Alas, it was not to be.

The power utility is fast becoming a bottomless pit into which billions of rand that we can ill afford - that should and could have been spent on countless other projects if we had had the money - are apparently being extorted from us at will, because the alternative is simply too ghastly to contemplate.

But where does the spin end and the truth begin?

The New Dawn is a year-and-a-half old, we keep being told that everything is working until it’s not, and we are literally plunged into darkness.

Amid the ever-shifting goalposts of PR excuses, we are told the utility is ridiculously over-staffed, yet inefficient and arrogantly resistant to any meaningful intervention.

There is a disconnect which is only becoming worse.
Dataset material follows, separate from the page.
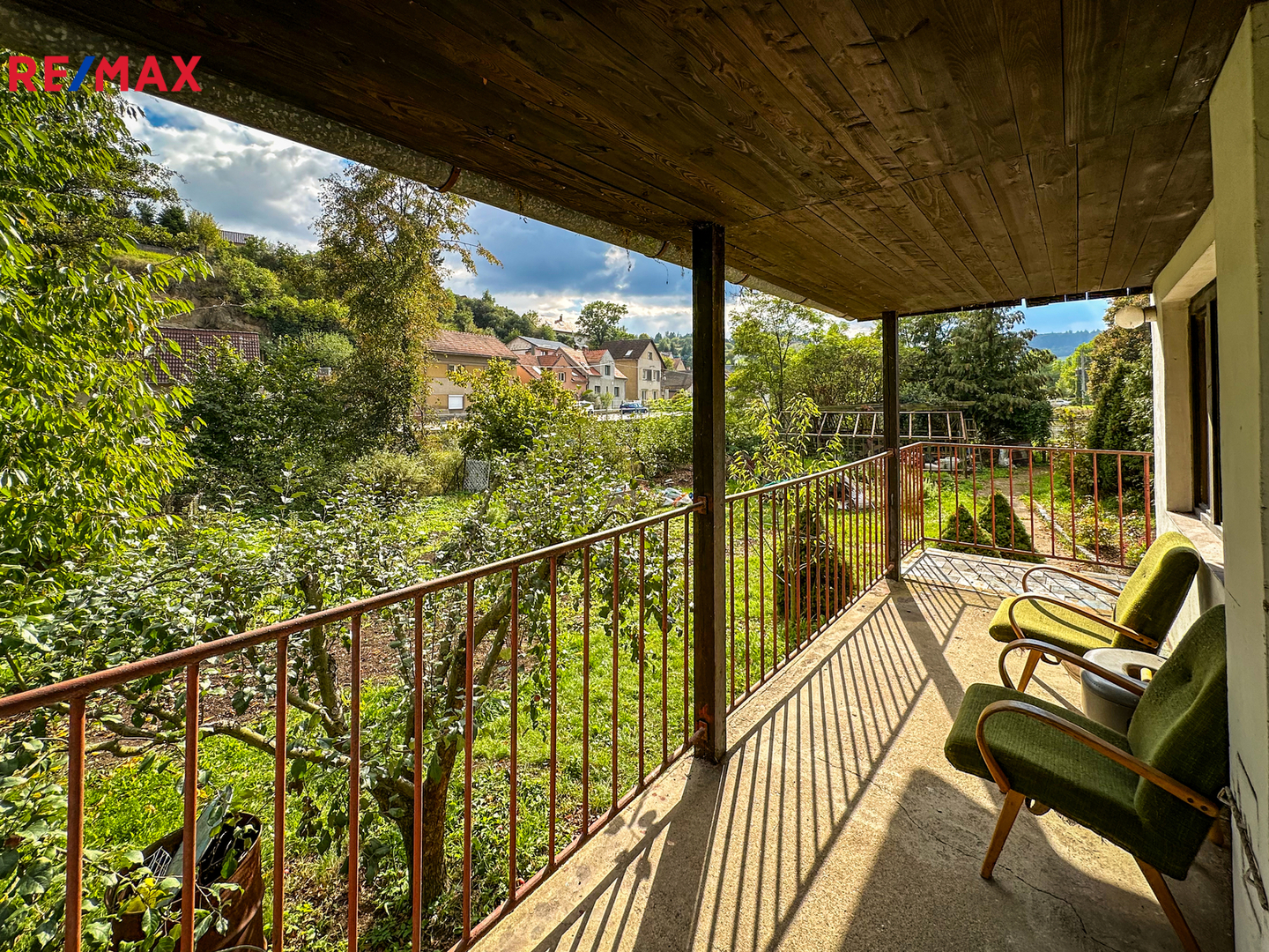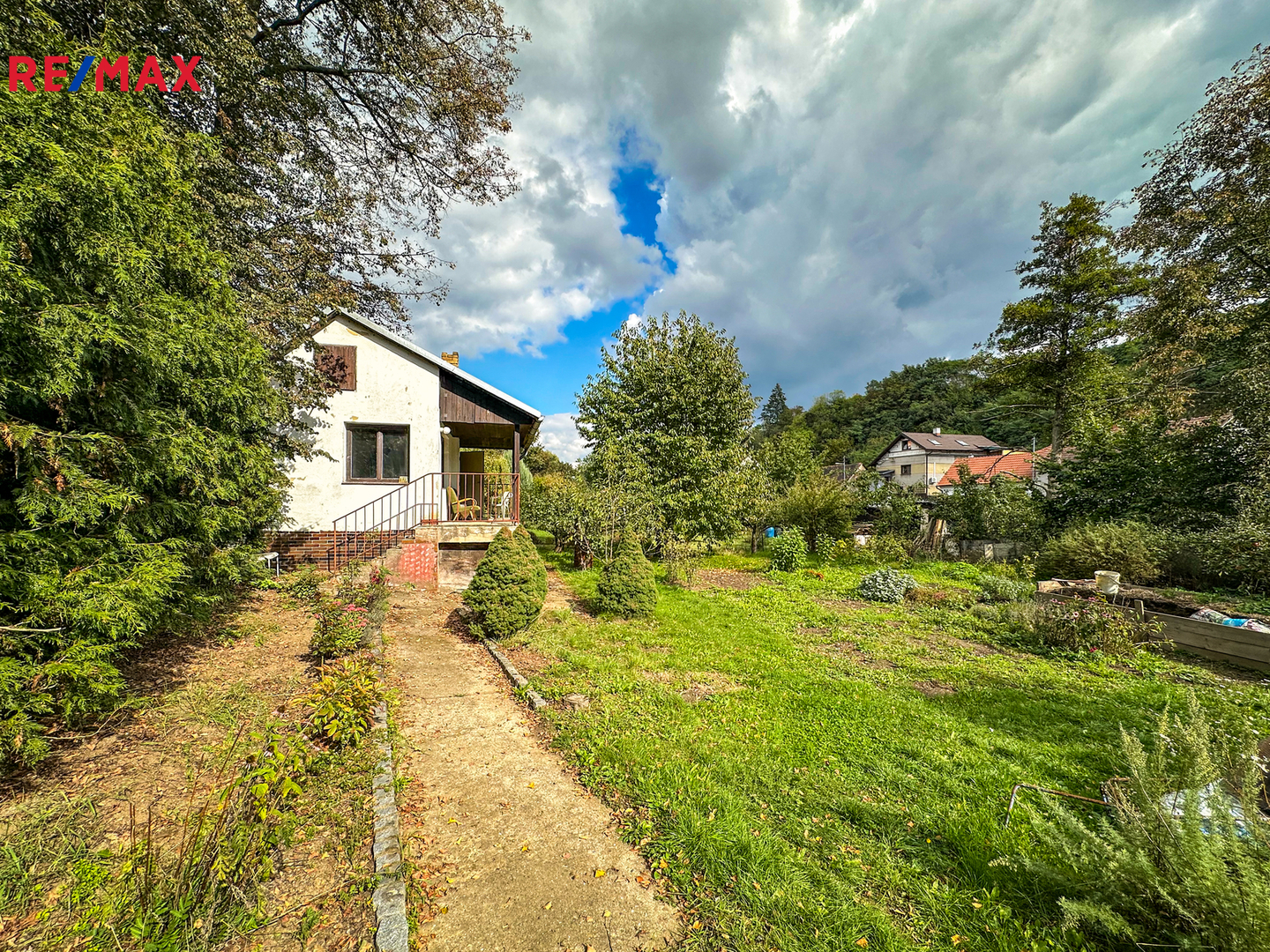 Na udržované zahradě jsou vzrostlé ovocné stromy a keře.

If it’s not tropical cyclones, it’s maintenance.

The government wants to grow the economy, yet each time power is cut, tens of thousands of small businesses - the job drivers of the short- to middle-term - are forced ever closer to the abyss of financial ruin as the big employers see their profitability plummet and start looking at cutting even more jobs, while hiking the costs of the products they sell.

All the while, the elephant in the room remains: Eskom’s growing debt pile that needs to be serviced in an economy that is forever on the threshold of recession.

Ramaphosa will find out very soon there is a limit to the patience of international lenders and the long-suffering South African consumers.

He will have to act resolutely and quickly for this apparently intractable mess not to define

him as much as the theft of a nation’s birthright defined his predecessor.